James Gray a grandi dans le Queens, et, adolescent, a passé beaucoup de temps dans le quartier de Brighton Beach, également appelé Little Odessa. Ses quatre premiers films se passent dans ces rues familières ; The Immigrant les recrée à l’aune de l’année 1921. Dans The Lost City of Z, pour la première fois, il s’éloigne de son New York natal. Il aura fallu qu’une star (Brad Pitt) lui passe commande d’un film sur l’explorateur Percival Harrison Fawcett il y a une dizaine d’années (James Gray a commencé à écrire juste après Two Lovers et avant de tourner The Immigrant), renonce finalement à l’interpréter, mais le coproduise avec sa société Plan B. Un film de commande, donc.
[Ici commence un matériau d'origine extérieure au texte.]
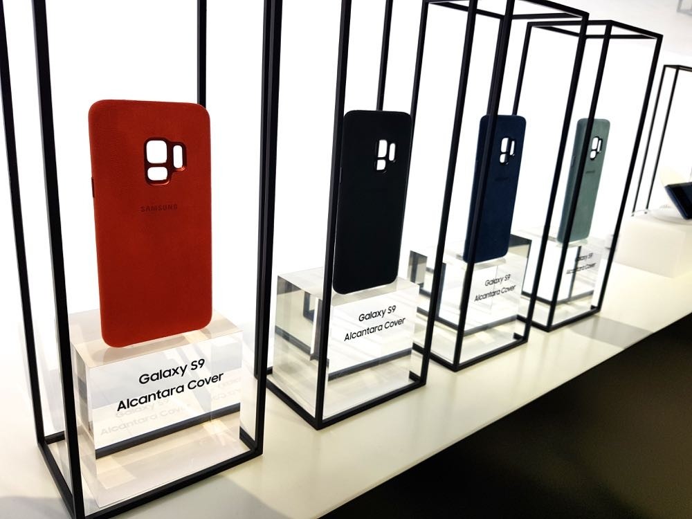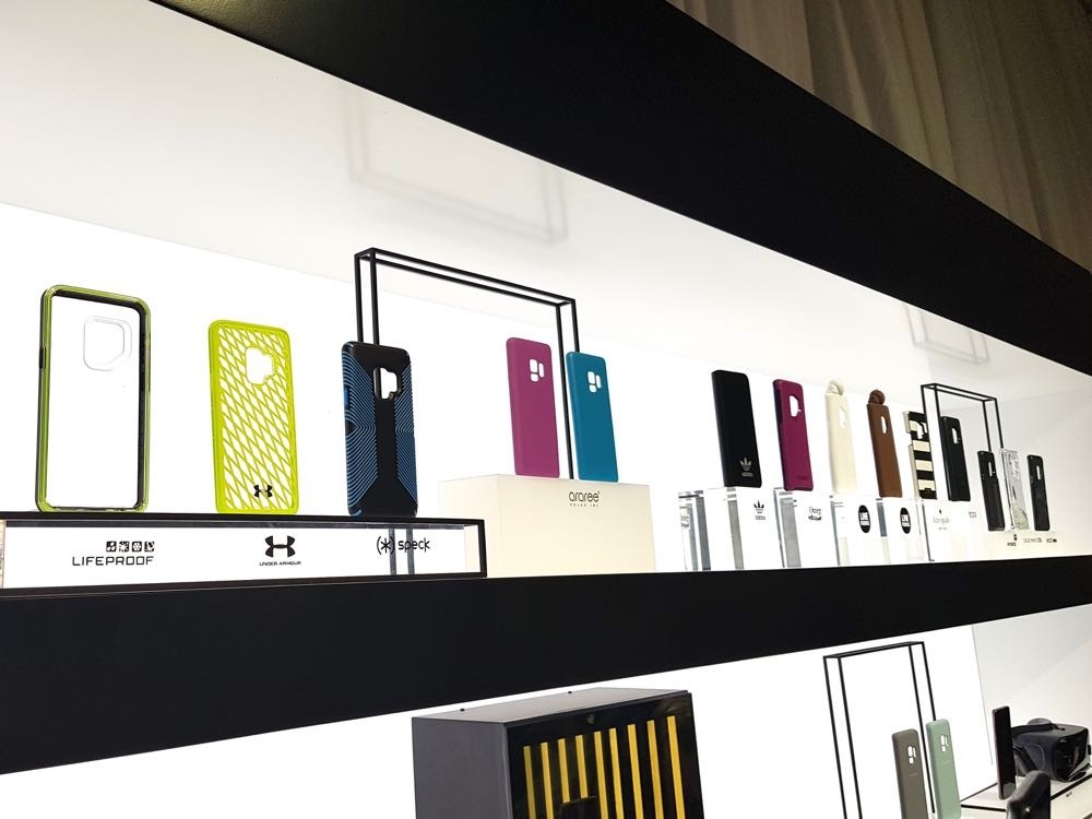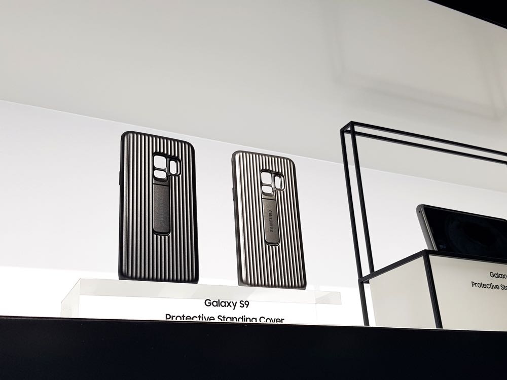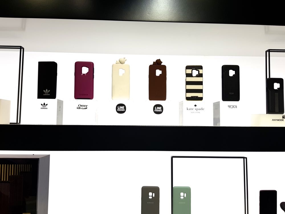 除了 DeX Pad 以外,現場也有展出多種 Samsung Galaxy S9 / S9+ 的保護殼,有與愛迪達、OtterBox、LINE、Kate spade、TUMI 等品牌聯名款,也有 Alcantara 柔軟材質、金屬造型保護功用、LED 提示閃爍等多種材質與功能保護殼選擇。

Qui l’éloigne de ses bases urbaines, et même de l’Amérique, puisque ses héros sont anglais. Pourtant, les préoccupations de l’enfant du Queens sont bel et bien présentes.

Origines sociales


Il y a dans l’univers filmique de James Gray une obsession pour les origines sociales défavorisées dont on ne se défait jamais vraiment. L’impossibilité de l’accomplissement du rêve américain est chez lui un thème sous-jacent récurrent. Le jeune Russe de Little Odessa ne quitte son quartier que pour devenir gangster, et l’entrepreneur de The Yards ne peut que magouiller pour grimper dans l’échelle sociale. Le jeune homme de Two Lovers doit se marier dans son cercle : la jeune fille que ses parents lui destinent étant la fille du partenaire en affaires de son père et sa blonde voisine, fantasque, instable, n’est guère pour lui. La terre de promesses que vient chercher la jeune Polonaise de The Immigrant est un miroir aux alouettes, des promesses non tenues, un marchandage permanent. Percy, dans The Lost City of Z, a « mal choisi ses ancêtres » et ne pourra jamais, malgré ses faits d’armes, obtenir ses galons et intégrer la haute société britannique : devenir explorateur en Amazonie est son ticket gagnant vers un grade dans l’armée et une reconnaissance de ses pairs. Pourtant, en chemin, il trouve autre chose : la trace d’une cité enfouie, d’une civilisation bien antérieure à la sienne. Du rêve américain au rêve d’une Amérique (du Sud), il n’y avait qu’un pas.

L’Éternel retour


Selon James Gray, il n’y aurait que deux scénarios à dérouler : l’un sur un personnage qui revient chez lui, l’autre sur un personnage qui part de chez lui. Des contrats (Little Odessa), la prison (The Yards), une autre communauté (La nuit nous appartient), un mariage avorté (Two Lovers) : après une longue absence ses (anti)héros reviennent au bercail. Puis, dans The Immigrant, il narre le grand départ (de la Pologne) à l’origine du melting-pot américain. Et, synthèse absolue, Percy quitte sa famille pour devenir explorateur, revient, puis repart, revient encore et repart à la guerre et revient pour repartir. Toutes les influences de James Gray plus une : la mythologie grecque, Ulysse comme héros de tous les temps, de toutes les époques, de tous les pays.